◆ **ACTIVITY**
Transcribe the material verbatim, starting at its first line and stopping once the line containing "27.36 in. 4-Light" has been given; no picture should appear.

◆ **SUPPLIED RECORDS**
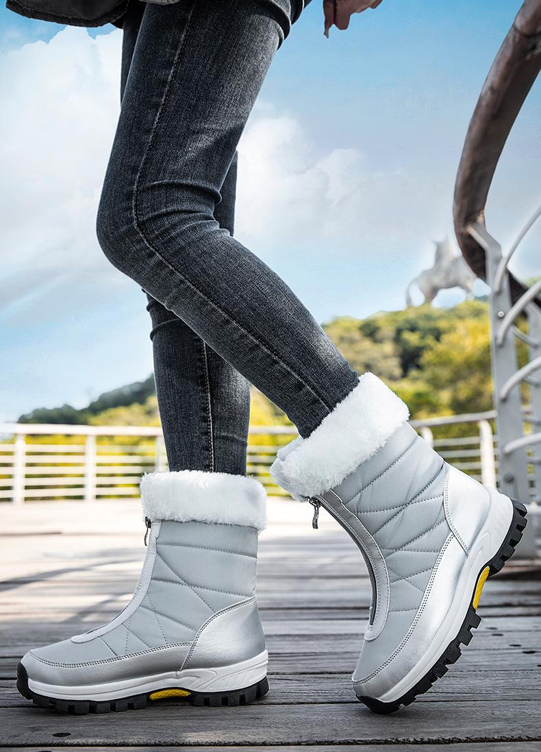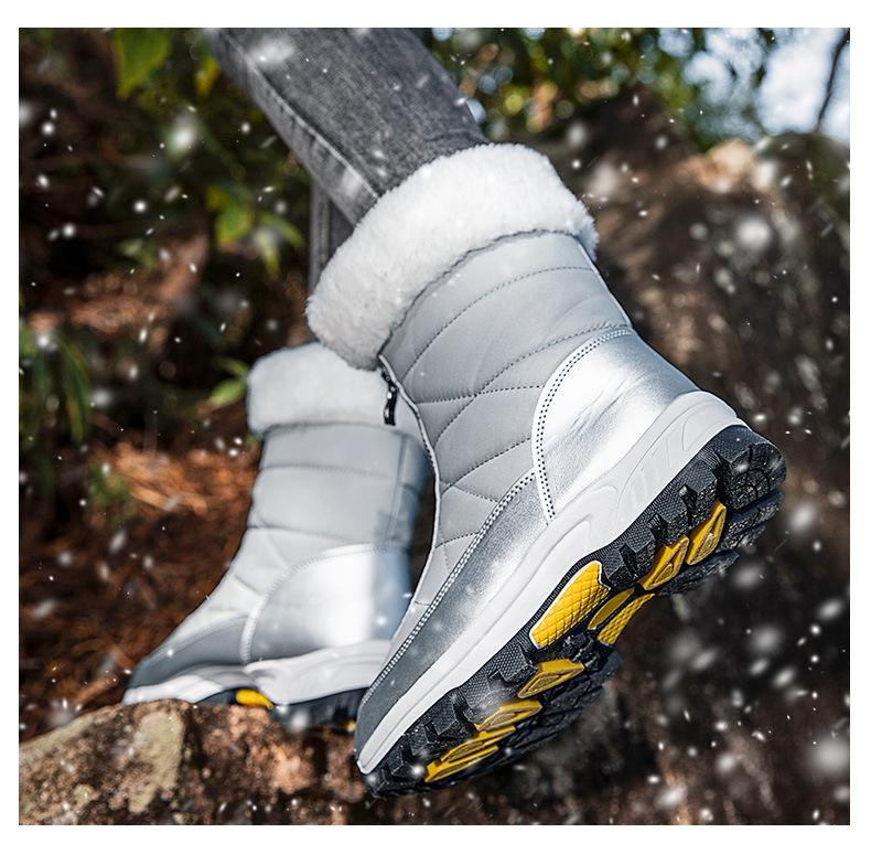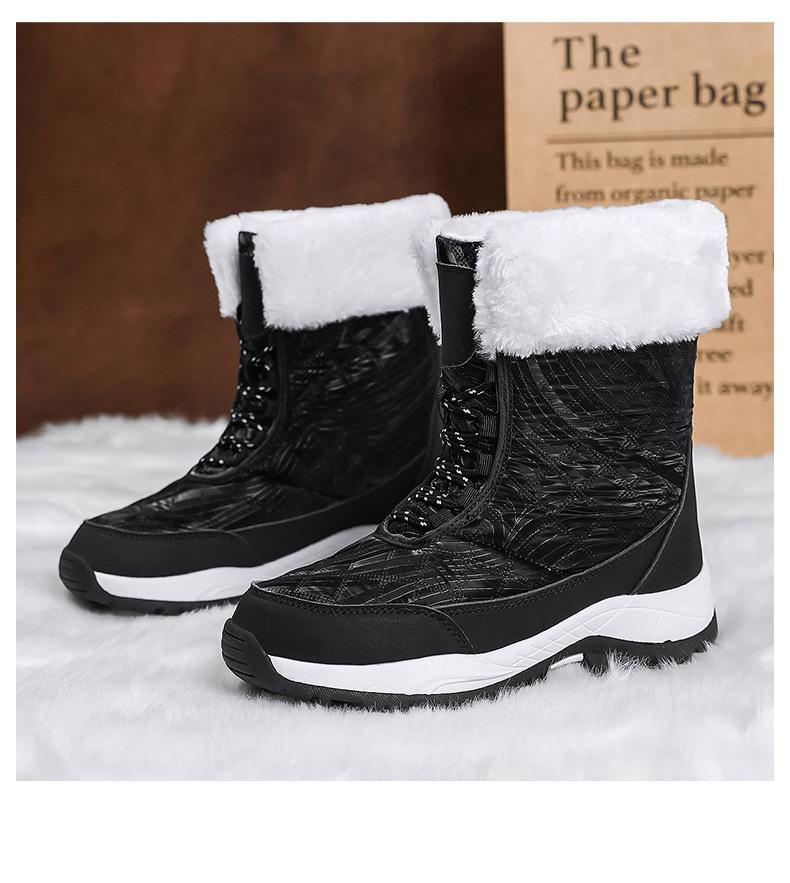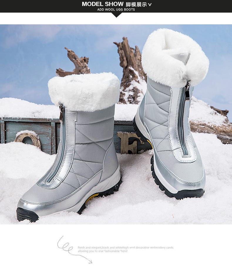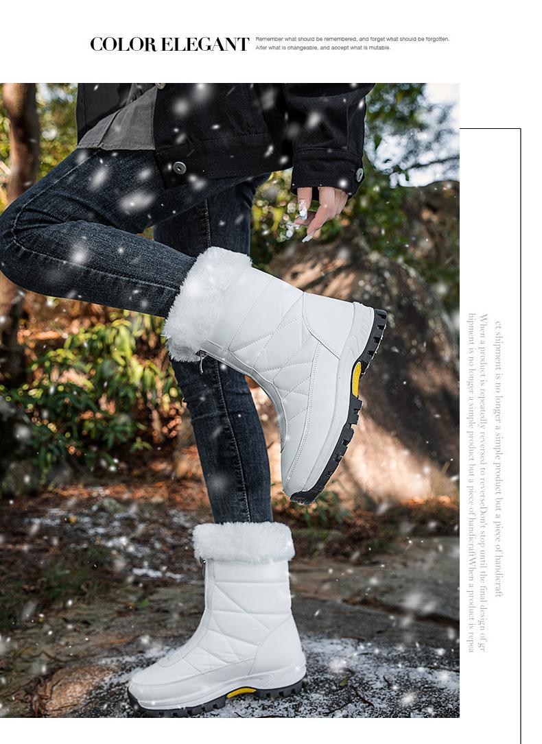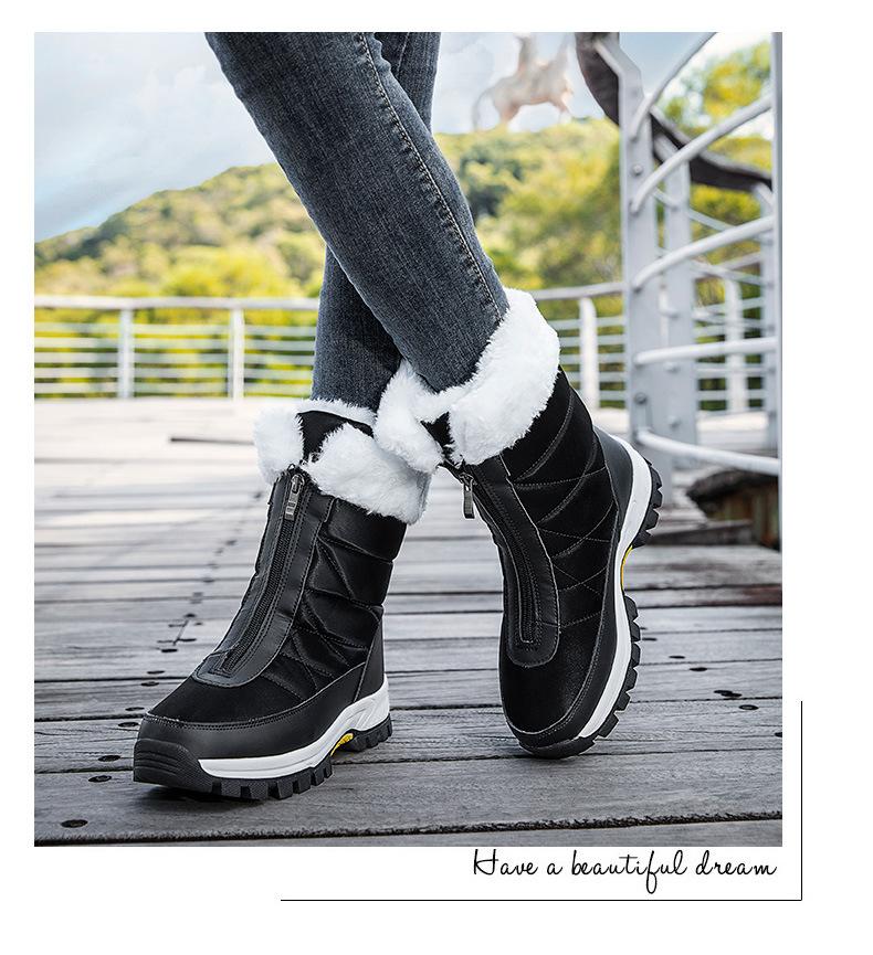 Nuevas botas de nieve de otoño e invierno para mujer, botas de algodón de suela gruesa con cremallera frontal hasta media pantorrilla de talla grande, botas cortas y zapatos casuales de invierno.
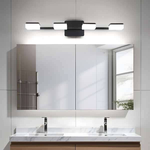 27.36 in. 4-Light Black LED Vanity Light with Dimmable 5500K Light and 350° Swivel Range Acrylic Lampshade
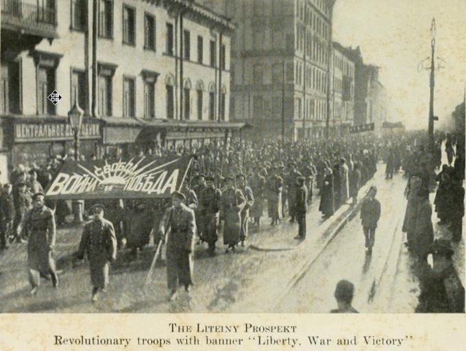 | Keywords: Liteiyny pr. (April 1917).jpg ru Демонст ация на Литейном п оспекте Пет ог ад после Фев альской еволюции 1917 г 2012-09-15 02 20 45 Book 'A diary of the Russian revolution' Published 1918 James L Houghteling PD-Art Uploaded with UploadWizard 1917 in Saint Petersburg |
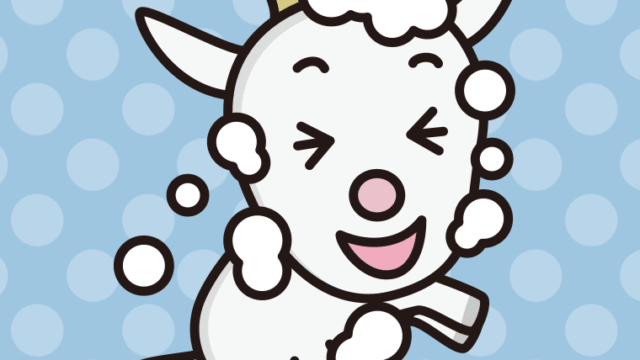 【キャラクターフリー素材】体を洗うヤギちゃんのイラスト
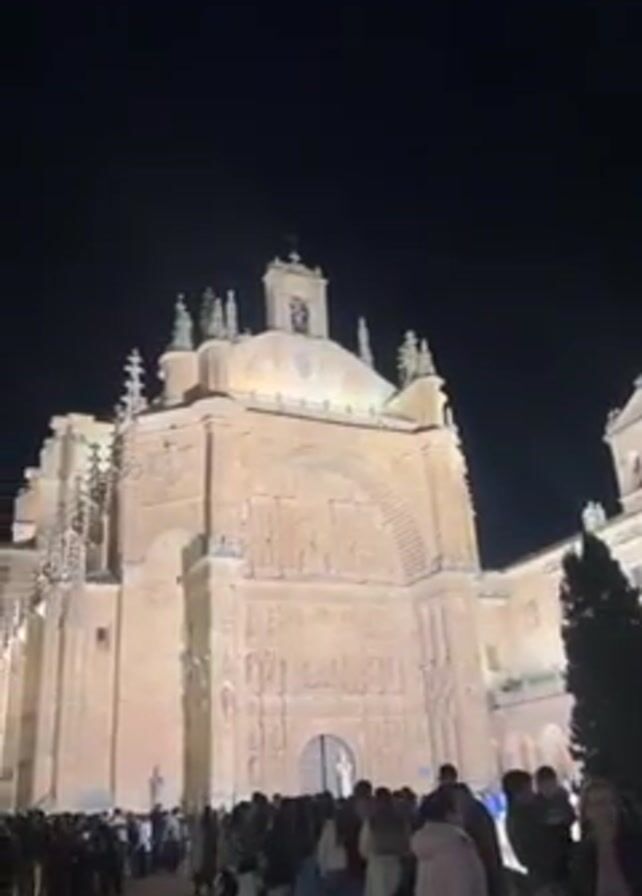 large, light-colored stone building, possibly a cathedral or university, at night. The building is well-lit, highlighting its architectural details. A large crowd of people is gathered in front of the building, suggesting an event or gathering. Some people are standing still, while others are moving around. Two tall, thin trees and a statue are also visible near the crowd. The sky is dark and clear.

◆ **ANSWER FOR THIS EXERCISE**
 Nuevas botas de nieve de otoño e invierno para mujer, botas de algodón de suela gruesa con cremallera frontal hasta media pantorrilla de talla grande, botas cortas y zapatos casuales de invierno.
 27.36 in. 4-Light Black LED Vanity Light with Dimmable 5500K Light and 350° Swivel Range Acrylic Lampshade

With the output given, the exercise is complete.